By the 18th century, universities published academic journals; by the 19th century, the German and the French university models were established. The French established the Ecole Polytechnique in 1794 by the mathematician Gaspard Monge during the French Revolution, and it became a military academy under Napoleon I in 1804. The German university — the Humboldtian model — established by Wilhelm von Humboldt was based upon Friedrich Schleiermacher’s liberal ideas about the importance of freedom, seminars, and laboratories, which, like the French university model, involved strict discipline and control of every aspect of the university. In the 19th and 20th centuries, the universities concentrated upon science, but were not open to the general populace until after 1914. Moreover, until the 19th century’s end, religion exerted a significant, limiting influence upon academic curricula and research, by when the German university model had become the world standard. Elsewhere, the British also had established universities world-wide, thus making higher education available to the world’s populaces.
The first European universities
Historically, the University of Bologna, founded in 1088, is considered the “mother of European universities.” However, this claim was made as symbolic of Italian national unity, leading some to question the legitimacy of Bologna's claim to be the first university proper.[1] If the term "university" requires that a single corporate body be made up of students and professors of different disciplines, rather than that a corporate body simply exists, the University of Paris, founded in 1208, can be considered the first university.[2]

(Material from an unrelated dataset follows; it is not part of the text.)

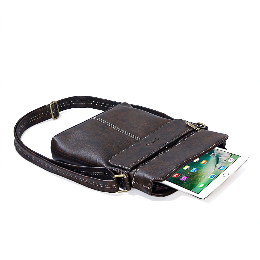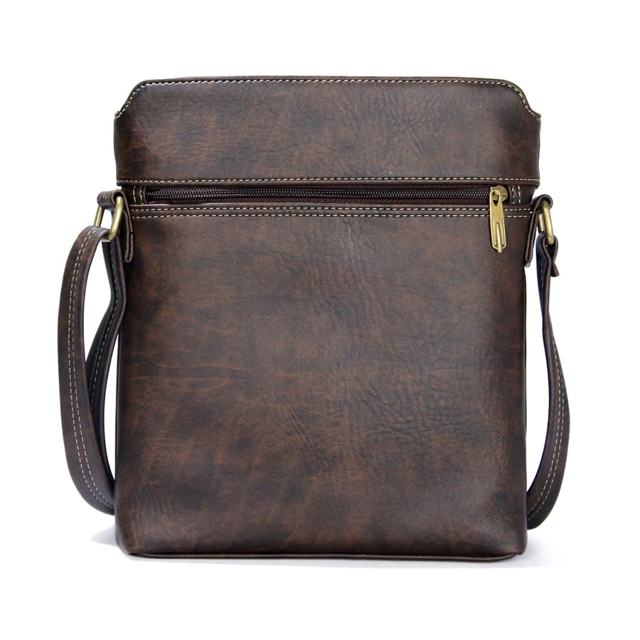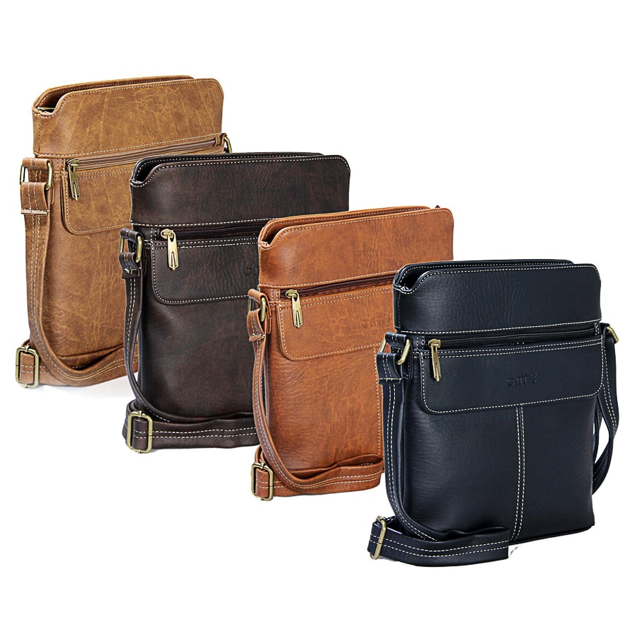 A compact, trend-driven crossbody designed for international buyers sourcing practical daily carry, sized to fit an iPad and essentials with a main compartment, an internal zip pocket, and a front pocket for quick access; crafted in Vietnam from synthetic leather with a soft fabric lining and detailed stitching, featuring an adjustable strap up to 130 cm for comfortable wear across work, school, travel, or casual city use, and offered in Light Tan, Dark Tan, Brown, and Black for flexible assortment planning.

The rediscovery of ancient Græco–Roman knowledge (e.g. Aristotle’s works and Roman law), led to the development of universitates (student guilds), and thus the establishment of the university in the contemporary sense.[3] In turn, the traditional medieval universities — evolved from Catholic church schools — then established specialized academic structures for properly educating greater numbers of students as professionals. Prof. Walter Rüegg, editor of A History of the University in Europe, reports that universities then only trained students to become clerics, lawyers, civil servants, and physicians.[4] Yet rediscovery of Classical-era knowledge transformed the university from the practical arts to developing “knowledge for the sake of knowledge”, which, by the 16th century, was considered integral to the civil community’s practical requirements.[5] Hence, academic research was effected in furtherance of scientific investigation,[6] because science had become essential to university curricula via “openness to novelty” in the search for the means to control nature to benefit civil society.[7]
The structure and spread of early European universities
The European University proliferated in part because groups decided to secede from the original universities to promote their own ideals; the University of Paris fostered many universities in Northern Europe, while the University of Bologna fostered many in the South.[8] Some leaders also created universities in order to use them to increase their political power and popularity. For example, Frederick II, Holy Roman Emperor founded the University of Naples in 1224 to train lawyers and administrators who could rival the University of Bologna's influence, which served the hostile Lombard League.[9]
The structure of these early classes involved a master reading from texts and commenting on the readings, as well as students learning by teaching other students. Masters also offered disputed questions to their classes for discussion.[10] Moving into the 18th century, professors became less focused on simply training university teachers and more focused on “forming the minds of the elite” of a larger society.[11]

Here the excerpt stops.